The installation is fully performed by the install.sh script that is provided on this repository. It will create the required folders and it will download the necessary files. WordNet Domains is included in this repository as we comply with the Creative Commons 3.0 license under which this data is released.

These are the steps required to get this repository installed:

$ cd YOUR_FOLDER
$ git clone https://github.com/rubenIzquierdo/semantic_class_manager
$ cd semantic_class_manager
$ . install.sh

##Usage##

Once installed you can start using the classes for querying. There are three main classes that inherit from the parent class SemanticClassManager. These classes are: BLC, WND and SuperSense. To query one of these repositories you have to create an object of your desired class, and then use the general methods inherited from SemanticClassManager which are basically:

  • get_classes_for_synset_pos(synset,this_pos, this_wn_version=None): returns the list of classes belonging to that particular synset and pos-tag. The this_wn_version parameter specifies which is the WordNet version of the given synset. If it is not provided, it will be assumed to be the same version of the selected class (3.0 for BLC and SuperSense and 2.0 for WND). If this version is provided, the synset will be mapped to the corresposding one to get the correct semantic labels.
  • get_classes_for_lexkey(self,lexkey,this_wn_version=None): same description as the previous one, but a lexical key is provided now.
  • get_classes_for_lemma_pos(self,lemma,pos): gets the possible list of semantic classes for all the senses of the lemma.

For the pos tag you can use different formats and they will be internally mapped to a common set. The function that performs this mapping is:

    def normalise_pos(this_pos):
        pos = None
        if this_pos.lower() in ['noun','n','1']:
            pos = self.NOUN     
        elif this_pos.lower() in ['verb','v','2']:
            pos = self.VERB     
        elif this_pos.lower() in ['adj','j','3','5','s','a']:
            pos = self.ADJ     
        elif this_pos.lower() in ['adv','r','4']:
            pos = self.ADV     
        return pos     

One example of usage of these classes would be:

from semantic_class_manager import *
wnd_obj = WND()
#the wn_version is noc inluded as the synset belongs to wn20 which is the same version thatn WND
print 'wn20 synset 00002287-a', wnd_obj.get_classes_for_synset_pos('00002287','a') 
print 'wn21 synset 00015024-n', wnd_obj.get_classes_for_synset_pos('00015024', 'n', '21')
print 'wn20 lexky acoustic_guitar%1:06:00::', wnd_obj.get_classes_for_lexkey('acoustic_guitar%1:06:00::')
print 'Classes for guitar.n', wnd_obj.get_classes_for_lemma_pos('guitar', 'n')

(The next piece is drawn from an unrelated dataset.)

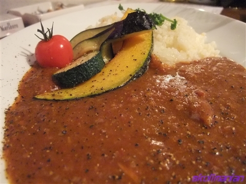 ほんのり色付いたライスはキャロットライスかな、そこにグリル野菜とビールで煮込んだカレー

You can run the example file example.py which contains usage exmaples for the three semantic classes.

###WND ontology### The WND labels are organized in an ontology. By default in this API, the WDN labels returned are the leaves of the ontology. In some cases you might require to have the full ontology chain. You can do this easily by creating the WND object as wnd_obj = WND(hierarchy=True). The methods are the same, with the difference that every class now is not a single string, but a list of strings (containing all the classes for the chain. These are two examples of what you could get without and with the ontology option:

#WND with no ontology option
Classes for 00015024-n ['animals', 'biology']
Classes for acoustic_guitar%1:06:00:: ['music']
Classes for guitar.n ['music']

#WND with no ontology option
Classes for 00015024-n [[('animals', 2), ('pure_science', 1)], [('biology', 2), ('pure_science', 1)]]
Classes for acoustic_guitar%1:06:00:: [[('music', 3), ('art', 2), ('humanities', 1)]]
Classes for guitar.n [[('music', 3), ('art', 2), ('humanities', 1)]]

As you can see, every WND label now consists of two values: (WNDlabel, ontology_depth). The nodes at the top of the ontology have a depth of 1.

##Contact##

##License## This repositority and code is distributed under the GNU GENERAL PUBLIC License, the terms can be found in the file LICENSE contained in this repository.